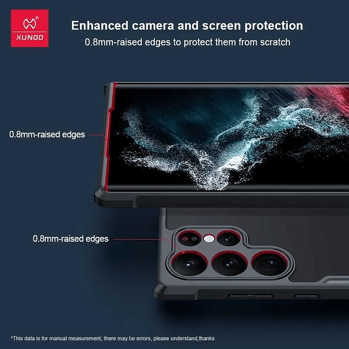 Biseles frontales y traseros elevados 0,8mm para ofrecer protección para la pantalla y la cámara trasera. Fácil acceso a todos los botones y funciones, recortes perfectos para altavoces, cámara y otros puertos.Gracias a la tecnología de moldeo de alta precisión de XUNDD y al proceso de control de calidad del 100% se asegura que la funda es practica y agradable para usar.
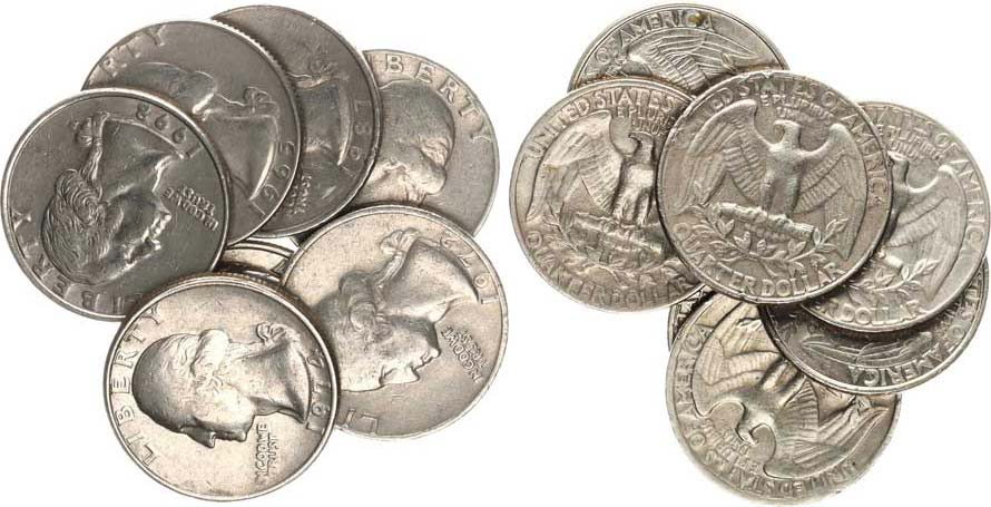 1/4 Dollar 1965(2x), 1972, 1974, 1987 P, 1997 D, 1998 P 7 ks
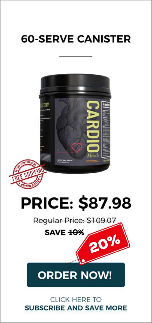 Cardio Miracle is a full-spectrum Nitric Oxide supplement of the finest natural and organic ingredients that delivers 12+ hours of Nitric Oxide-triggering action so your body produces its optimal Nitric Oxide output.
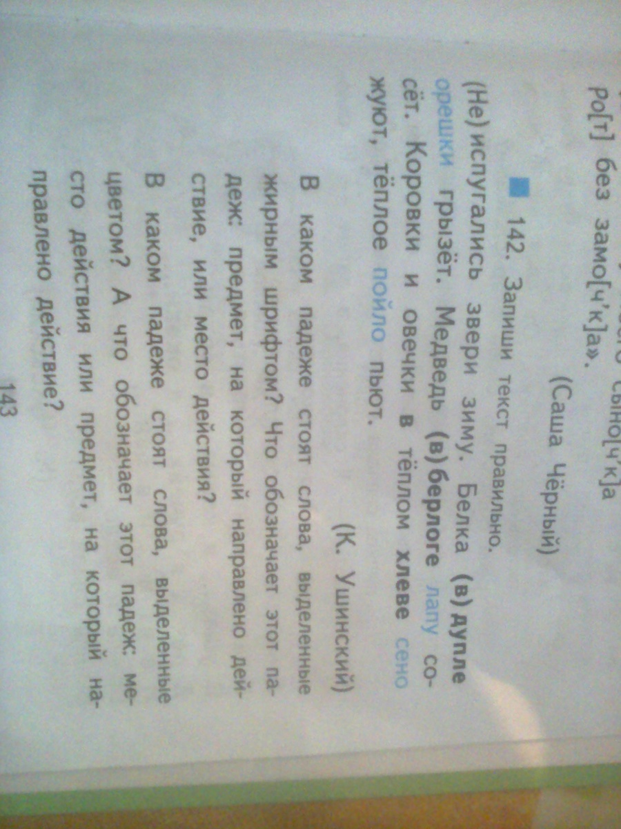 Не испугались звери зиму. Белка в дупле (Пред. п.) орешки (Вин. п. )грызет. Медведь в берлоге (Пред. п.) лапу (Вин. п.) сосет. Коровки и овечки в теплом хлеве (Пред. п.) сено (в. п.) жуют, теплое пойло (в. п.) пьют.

PROBLEM TO SOLVE: From the first line to the last, retype the data exactly, without images.

SOLUTION TO THIS EXERCISE:
 Biseles frontales y traseros elevados 0,8mm para ofrecer protección para la pantalla y la cámara trasera. Fácil acceso a todos los botones y funciones, recortes perfectos para altavoces, cámara y otros puertos.Gracias a la tecnología de moldeo de alta precisión de XUNDD y al proceso de control de calidad del 100% se asegura que la funda es practica y agradable para usar.
 1/4 Dollar 1965(2x), 1972, 1974, 1987 P, 1997 D, 1998 P 7 ks
 Cardio Miracle is a full-spectrum Nitric Oxide supplement of the finest natural and organic ingredients that delivers 12+ hours of Nitric Oxide-triggering action so your body produces its optimal Nitric Oxide output.
 Не испугались звери зиму. Белка в дупле (Пред. п.) орешки (Вин. п. )грызет. Медведь в берлоге (Пред. п.) лапу (Вин. п.) сосет. Коровки и овечки в теплом хлеве (Пред. п.) сено (в. п.) жуют, теплое пойло (в. п.) пьют.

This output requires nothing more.